Data for this task START
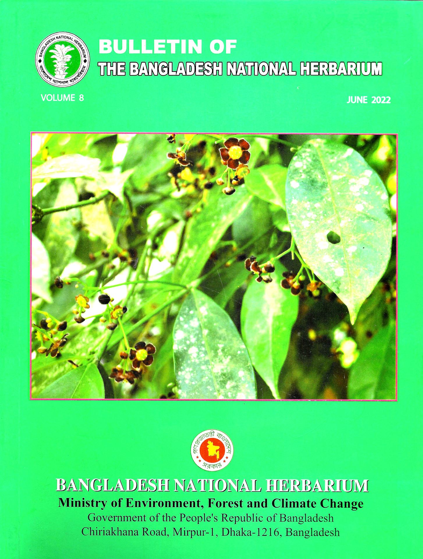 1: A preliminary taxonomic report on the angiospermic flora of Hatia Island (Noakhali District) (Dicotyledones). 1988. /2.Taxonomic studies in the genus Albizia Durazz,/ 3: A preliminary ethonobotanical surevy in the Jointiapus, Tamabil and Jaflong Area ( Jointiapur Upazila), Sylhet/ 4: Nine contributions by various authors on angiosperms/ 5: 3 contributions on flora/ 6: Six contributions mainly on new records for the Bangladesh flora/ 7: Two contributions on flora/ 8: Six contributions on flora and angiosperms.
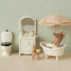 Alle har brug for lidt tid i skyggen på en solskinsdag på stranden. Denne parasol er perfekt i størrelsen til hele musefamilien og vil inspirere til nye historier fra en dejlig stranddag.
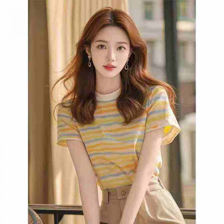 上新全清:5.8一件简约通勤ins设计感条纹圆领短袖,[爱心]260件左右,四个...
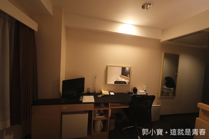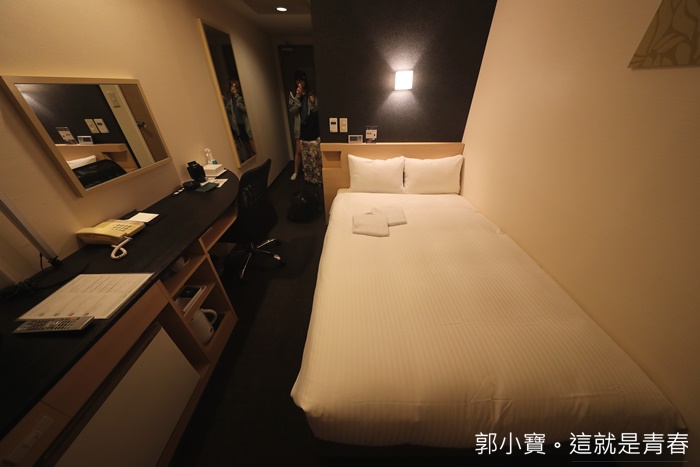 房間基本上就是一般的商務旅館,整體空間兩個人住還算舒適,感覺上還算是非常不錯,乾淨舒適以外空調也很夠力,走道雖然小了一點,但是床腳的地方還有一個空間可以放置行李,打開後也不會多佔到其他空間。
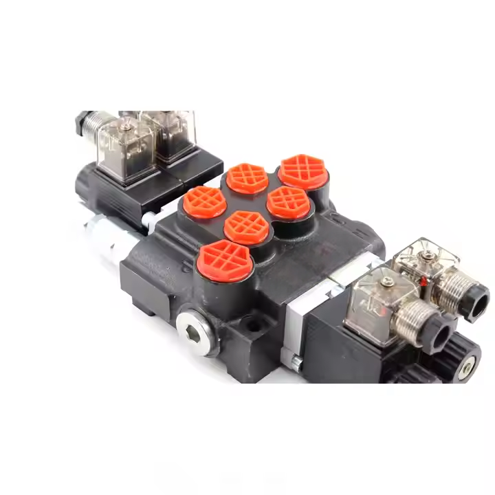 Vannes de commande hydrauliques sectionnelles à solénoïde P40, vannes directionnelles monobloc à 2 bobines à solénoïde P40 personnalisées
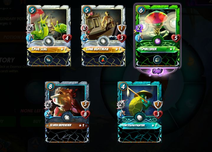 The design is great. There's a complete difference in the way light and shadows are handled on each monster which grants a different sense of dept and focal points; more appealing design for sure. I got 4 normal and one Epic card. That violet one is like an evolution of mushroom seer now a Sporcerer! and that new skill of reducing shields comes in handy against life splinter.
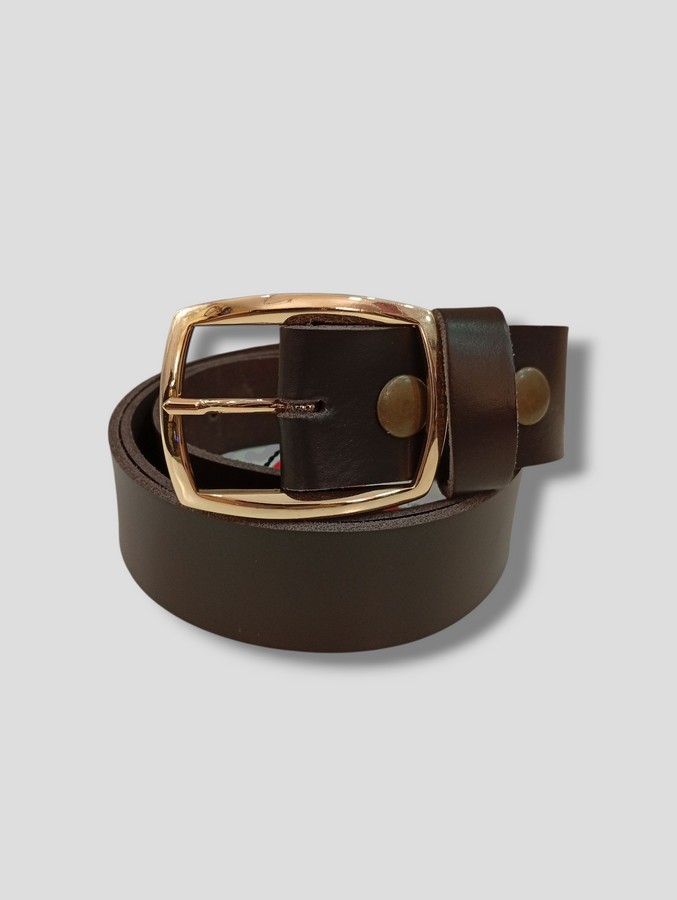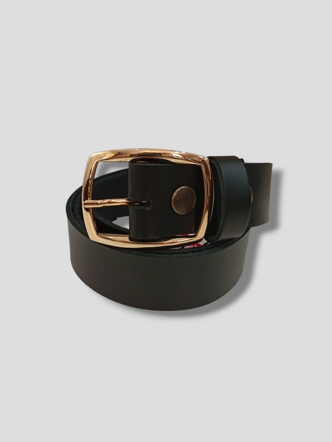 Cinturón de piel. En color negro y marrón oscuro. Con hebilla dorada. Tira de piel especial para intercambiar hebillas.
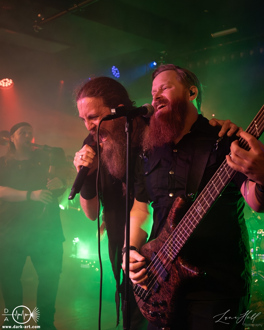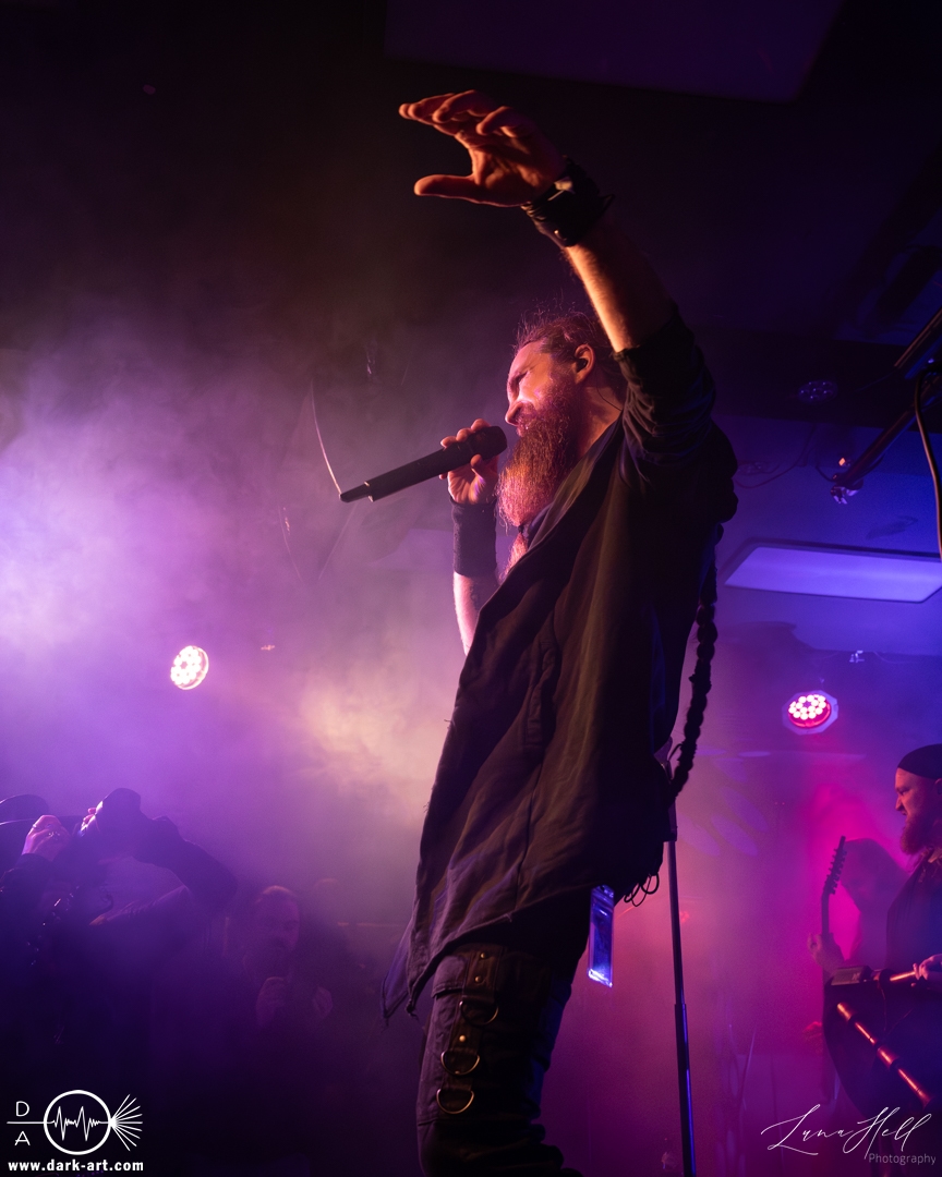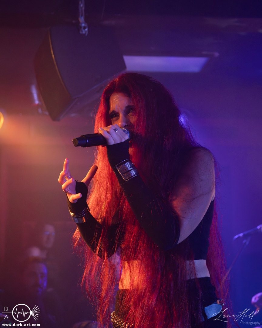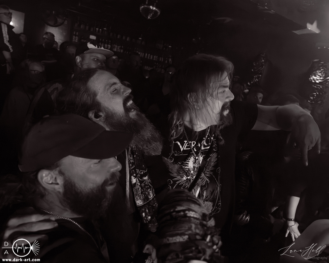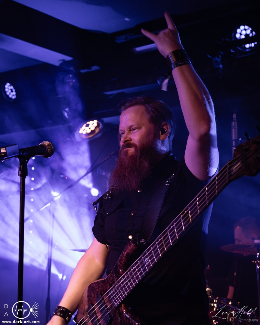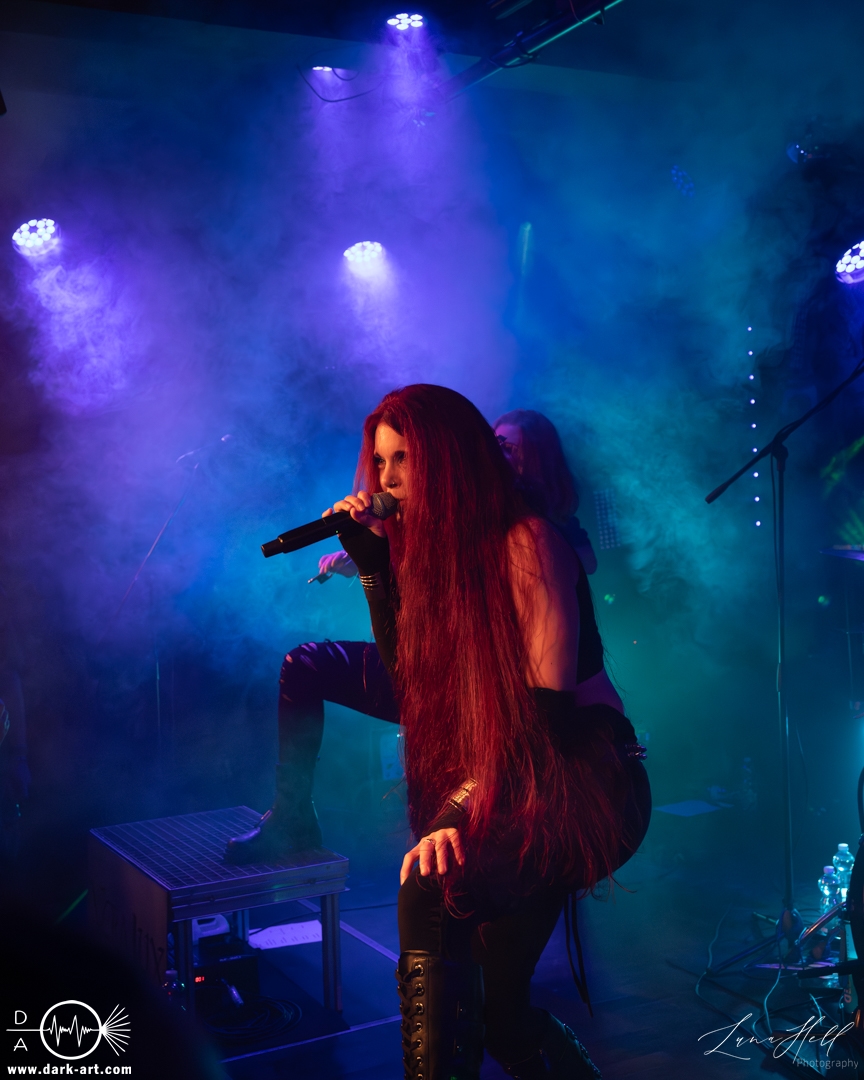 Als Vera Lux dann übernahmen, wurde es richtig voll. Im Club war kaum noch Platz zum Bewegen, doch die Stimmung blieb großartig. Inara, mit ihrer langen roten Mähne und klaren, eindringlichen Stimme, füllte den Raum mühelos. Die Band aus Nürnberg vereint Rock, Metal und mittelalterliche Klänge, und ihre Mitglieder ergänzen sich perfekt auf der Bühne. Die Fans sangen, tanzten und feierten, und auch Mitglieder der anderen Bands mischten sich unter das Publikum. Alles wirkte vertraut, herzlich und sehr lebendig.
Data for this task END
§ Work request: Beginning at the line that has "The design is" and ending at the line that has "Cinturón de piel. En", restate the listing above word for word, pictures left out.

§ Response to this task:
 The design is great. There's a complete difference in the way light and shadows are handled on each monster which grants a different sense of dept and focal points; more appealing design for sure. I got 4 normal and one Epic card. That violet one is like an evolution of mushroom seer now a Sporcerer! and that new skill of reducing shields comes in handy against life splinter.
 Cinturón de piel. En color negro y marrón oscuro. Con hebilla dorada. Tira de piel especial para intercambiar hebillas.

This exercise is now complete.